**Information shown**
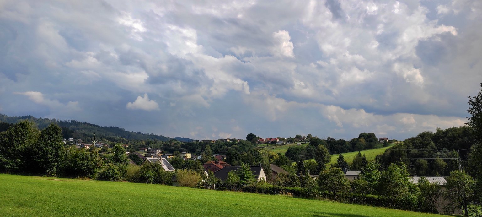 Oblačno až skoro zamračené, búrka, mierny dážď
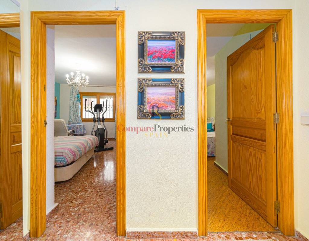 Die Eingangstür führt in den Flur, wo sich auf der linken Seite eine Diele mit einem großen Doppelkleiderschrank mit Rollladentüren befindet. Bevor man jedoch den Flur durchquert, befindet sich vor der Eingangstür eine Glastür, die in einen Bereich führt, in dem sich zwei Doppelschlafzimmer und ein großes Badezimmer mit einer großen Dusche befinden. Dieses Badezimmer und eines der Schlafzimmer sind mit breiten Türen für den Zugang mit dem Rollstuhl ausgestattet.
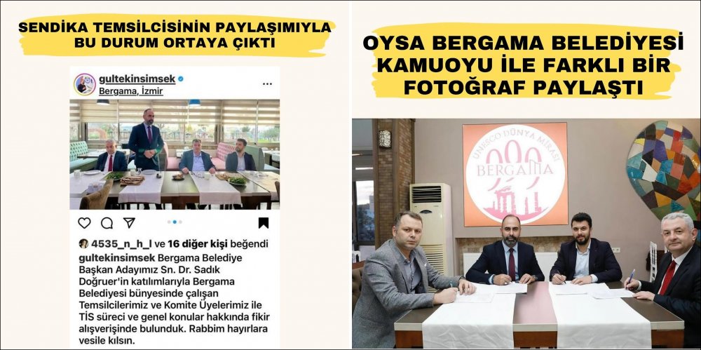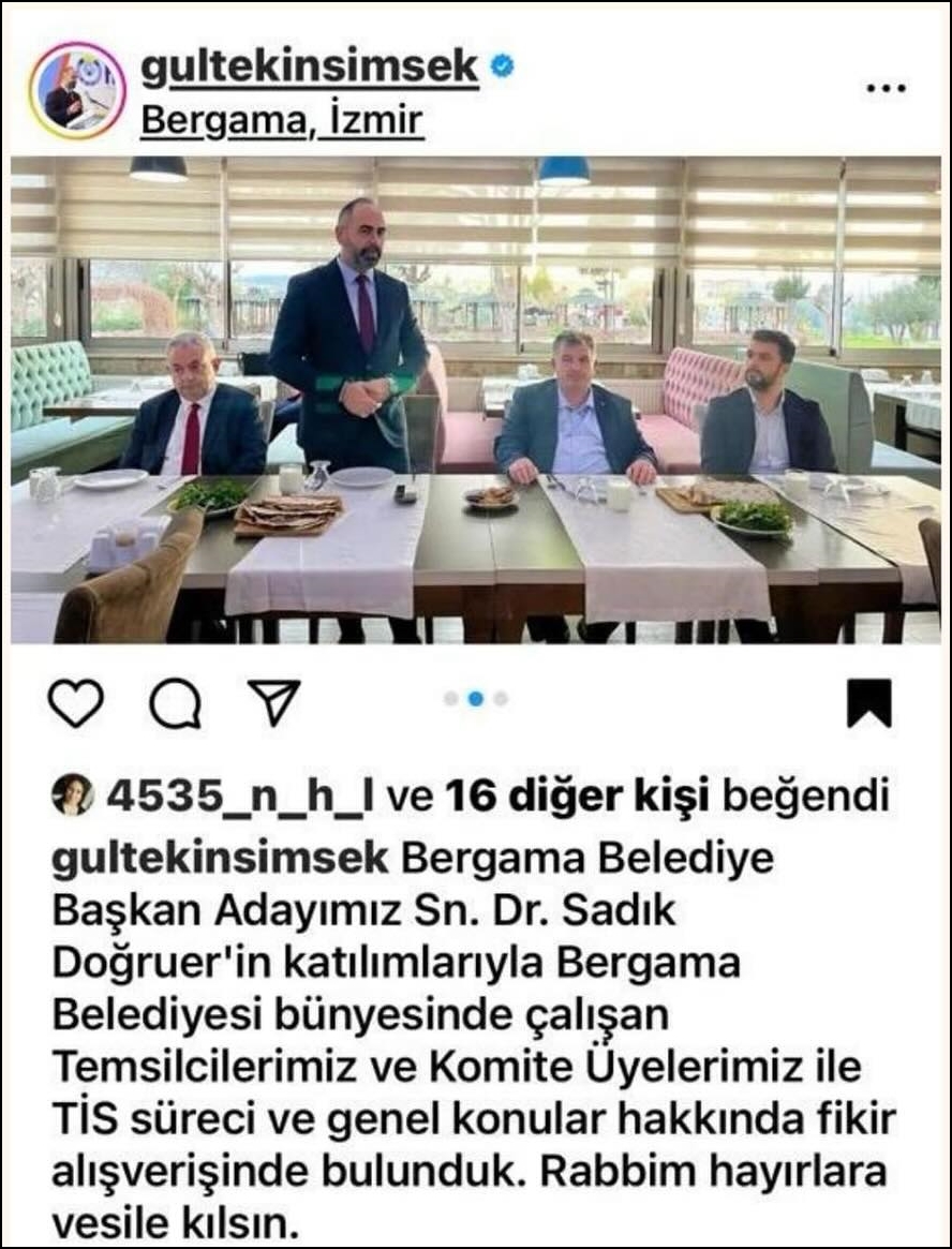 Hak - İş Konfederasyonu İzmir İl Başkanı ve Hizmet - İş Sendikası İzmir Şube Başkanı Gültekin Şimşek tarafından paylaşılan fotoğrafın altına ise; “Bergama Belediye Başkan Adayımız Sayın Dr.Sadık Doğruer’in katılımıyla, Bergama Belediyesi bünyesinde çalışan temsilcilerimiz ve komite üyelerimiz ile TİS süreci ve genel konular hakkında fikir alışverişinde bulunduk” sözlerini kullandı.

**Exercise instructions**
Pictures stay out; output the lines from the top of the listing above through the line containing "Die Eingangstür führt", exactly as they stand.

**Answer below**
 Oblačno až skoro zamračené, búrka, mierny dážď
 Die Eingangstür führt in den Flur, wo sich auf der linken Seite eine Diele mit einem großen Doppelkleiderschrank mit Rollladentüren befindet. Bevor man jedoch den Flur durchquert, befindet sich vor der Eingangstür eine Glastür, die in einen Bereich führt, in dem sich zwei Doppelschlafzimmer und ein großes Badezimmer mit einer großen Dusche befinden. Dieses Badezimmer und eines der Schlafzimmer sind mit breiten Türen für den Zugang mit dem Rollstuhl ausgestattet.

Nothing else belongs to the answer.